In this repository, I have created a star schema model data warehouse for a movie data set.

star_schema_warehouse_sql

This repository contains SQL scripts to create a star schema data warehouse for a movie dataset using SQL Server. The star schema design aims to provide a structured and optimized way to analyze and query movie-related data. This is because star schema design optimizes for querying the data instead of for inserting and updating. The use case here is that this movie data will be used to gather information, make reports and dashboards, and will not be frequently updated.

Table of Contents

Introduction

The Movie Data Warehouse project focuses on creating a star schema for efficient querying and analysis of a movie dataset. The star schema design consists of fact and dimension tables that simplify complex queries and provide a foundation for data analysis. This repository includes SQL scripts to set up the data warehouse in SQL Server.

Data Model

Screenshot

  • Fact Table: fact_film

    • Contains movie-related metrics and measures such as runtime, rating, revenue, votes, metascore, etc.
    • Foreign keys to connect with dimension tables.
  • Dimension Tables:

    • dim_actor
    • dim_director
    • dim_genre
    • dim_movie
    • dim_year:
  • Mapping Tables:

    • map_actor
    • map_director
    • map_genre
    • map_film
    • map_year
  • Staging Tables:

    • stg_actor
    • stg_genre
    • stg_film
    • stg_actor_film_assoc
    • stg_genre_film_assoc
  • Landing Table:

    • land_movies: Landing table containing raw movie data.

SQL Files

This repository contains several SQL script files that are used to create and populate the tables in the star schema data warehouse. Each script file serves a specific purpose in setting up the data warehouse structure and importing data.
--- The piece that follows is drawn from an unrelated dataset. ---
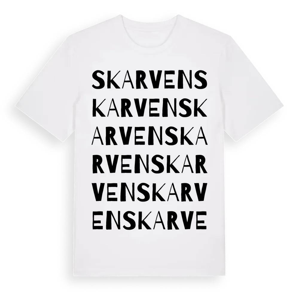 Skarven ordlek t-shirt är inspirerad av Skarven i Östergötlands län, Sverige. Tröjan är designad för dig som har en speciell koppling till platsen – oavsett om du bor här, har rötterna här eller bara älskar Skarven.

Staging and Mapping Tables

  • 1_stg_map_film.sql: This script file creates the staging and mapping tables related to films. It facilitates the initial loading and transformation of film data.

  • 2_creating_populating_actors_staging_mapping_tables.sql: This script file sets up the staging and mapping tables for actor-film associations. It helps establish relationships between actors and films.

  • 3_stg_map_genre_assoc.sql: Here, you'll find the script for creating staging and mapping tables related to genre-film associations. This step is essential for linking genres and films.

Dimension Tables

  • 4_dim_tables.sql: This script file focuses on the creation of dimension tables. Dimension tables hold valuable information about actors, directors, genres, movies, and years.

Overall Database Setup

  • script_star_schema_movie_db.sql: This script is the combination of the previous scripts compiled into one.

These script files work together to establish the structure of the data warehouse and populate it with data. By executing these scripts in the correct order, you can set up a functional and efficient environment for querying and analyzing movie-related data.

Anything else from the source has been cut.